Mahkemece, taraflara delil ve tanık listelerini sunmak üzere süre ve imkan tanınmamış, keşif ara kararıda usulüne uygun olarak oluşturulmamıştır. HMK.nun 27. maddesine göre (HUMK.nun 73.) hukuki dinlenilme hakkı ispat hakkınıda kapsamaktadır. Hukuki dinlenilme hakkı Anayasanın 36. maddesinde ve Avrupa İnsan Hakları Sözleşmesinin 6. maddesinde düzenlenen adil yargılanma hakkının en önemli unsurudur. Zira insan onurunun yargılamadaki zorunlu bir sonucu olarak, yargılama sürelerinin yargılamada şeklen yer almaları dışında, tam olarak bilgi sahibi olmaları, kendilerini ilgilendiren yargılama konusunda açıklama ve ispat haklarını tam ve eşit olarak kullanmaları ve yargı organlarının da bu açıklamaları dikkate alarak gereği gibi değerlendirme yapıp karar vermesi gereklidir. Ayrıca 11.05.2011 tarihinde verilen keşif ara kararı da yöntemine uygun bir biçimde verilmiş ara karar olarak kabul edilemez. 21.06.2010 günü mahallinde keşif yapılmasına karar verilmiş ise de, tanıkların keşif mahalline hangi yolla çağrılıp dinlenecekleri konusunda herhangi bir açıklamaya yer verilmemiştir. Bu durumda mahkemece yapılacak iş; taraflara delil ve tanık listesini sunmak üzere süre ve imkan tanınarak bildirecekleri tanıklar ile yerel bilirkişilerin HUMK.nun 243 ve 244 maddeleri gereğince keşif yerine davetiye ile çağrılmaları, gelmedikleri takdirde zabıta yoluyla keşif yerinde hazır bulundurulmaları (HMK.245. maddesi) uyuşmazlığın taşınmaza ilişkin olması sebebiyle yerel bilirkişi ve tanıkların keşif yerinde dinlenmeleri, dava konusu taşınmazların ortak muris Abbas’tan kalıp kalmadığı, Abbas’ın taşınmazları davalı tarafa ya da murislerine satıp satmadığı, Abbas’ın terekesinin taksim edilip edilmediği, yerel bilirkişi ve tanıklardan sorularak açıklığa kavuşturulmalı, taşınmazların tarafların ortak murisi Abbas’tan kaldığı ve terekesinin taksim edilmediği, davalı tarafa satış yoluyla da geçmediğinin tespit edilmesi halinde ise, tarafların veraset ilamındaki payları esas alınarak hüküm kurulması gerekirken, yazılı gerekçelerle davacının dava dilekçesinde belirttiği paylar esas alınarak hüküm kurulmuş olması usul ve yasaya aykırı olmuştur.

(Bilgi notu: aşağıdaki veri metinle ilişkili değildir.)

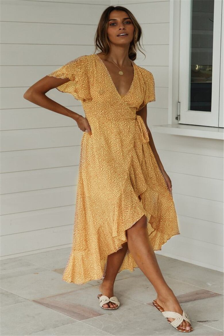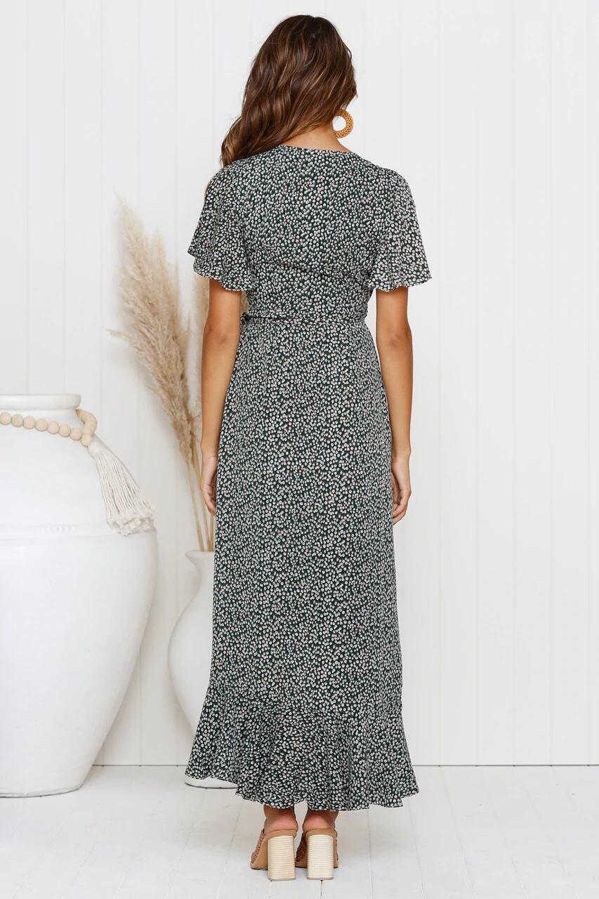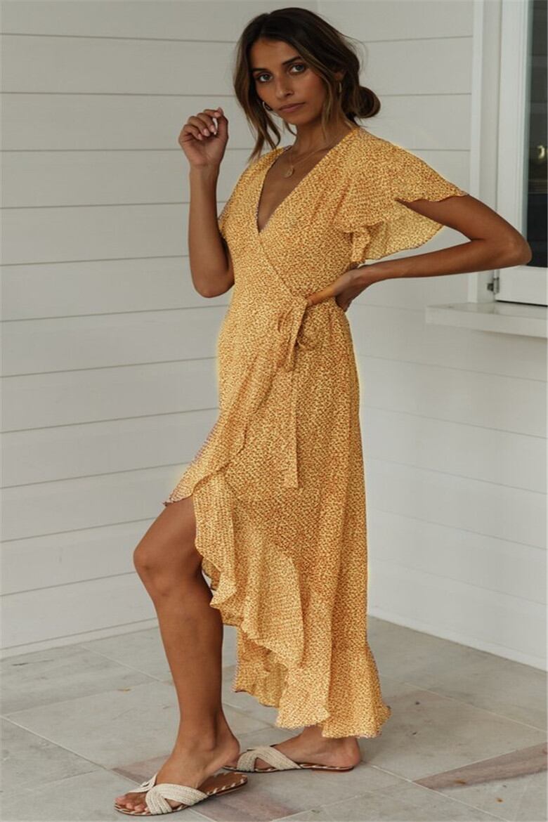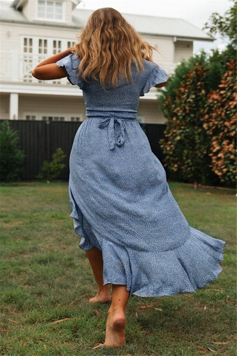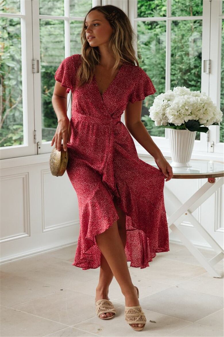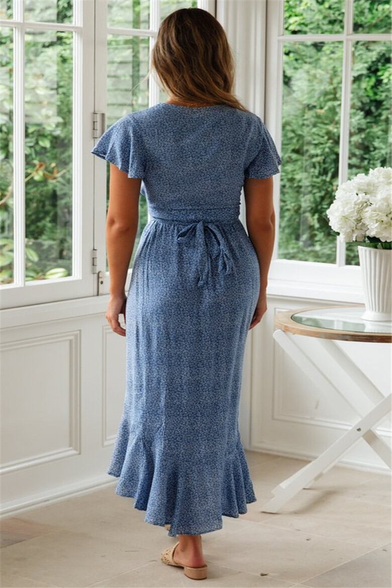 全4色 フィッシュテール ワンピース 花柄 ミモレ丈 フリル Vネック フレア 半袖 サマードレス お呼ばれ リゾート パーティー カシュクール リボン 春 夏 秋

Davalılar ... ve ...’un temyiz itirazları bu nedenlerle yerinde olduğundan kabulüyle hükmün 6100 sayılı HMK. nun Geçici 3. maddesi yollamasıyla 1086 sayılı HUMK. nun 428. maddesi uyarınca BOZULMASINA, taraflarca HUMK.nun 388/4. (HMK m.297/ç) ve HUMK.nun 440/I maddeleri gereğince Yargıtay Daire ilamının tebliğinden itibaren ilama karşı 15 gün içinde karar düzeltme isteğinde bulunulabileceğine ve 150,15 TL peşin harcın istek halinde temyiz eden davalılara iadesine 03.12 2012 tarihinde oybirliğiyle karar verildi.